Document scanners are typically used to scan sensitive documents. Things like your social insurance number, tax records, invoices, etc. While Paperless encrypts the original files via the consumption script, the OCR'd text is not encrypted and is therefore stored in the clear (it needs to be searchable, so if someone has ideas on how to do that on encrypted data, I'm all ears). This means that Paperless should never be run on an untrusted host. Instead, I recommend that if you do want to use it, run it locally on a server in your own home.
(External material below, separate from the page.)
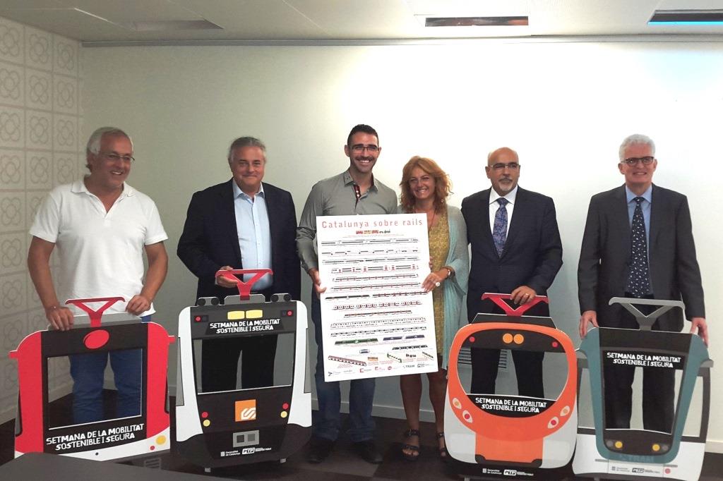 En el marc de la Setmana de la Mobilitat 2016, avui s’han mostrat els primers exemplars del pòster Catalunya sobre rails, una obra gràfica de gran format que mostra la diversitat, l’arrelament i la potència (més de 600 milions de viatges anuals) dels sistemes de ferrocarril existents al nostre país, des dels més modestos funiculars fins a l’alta velocitat, passant pels metros.

As with all Free software, the power is less in the finances and more in the collective efforts. I really appreciate every pull request and bug report offered up by Paperless' users, so please keep that stuff coming. If however, you're not one for coding/design/documentation, and would like to contribute financially, I won't say no ;-)

The thing is, I'm doing ok for money, so I would instead ask you to donate to the United Nations High Commissioner for Refugees. They're doing important work and they need the money a lot more than I do.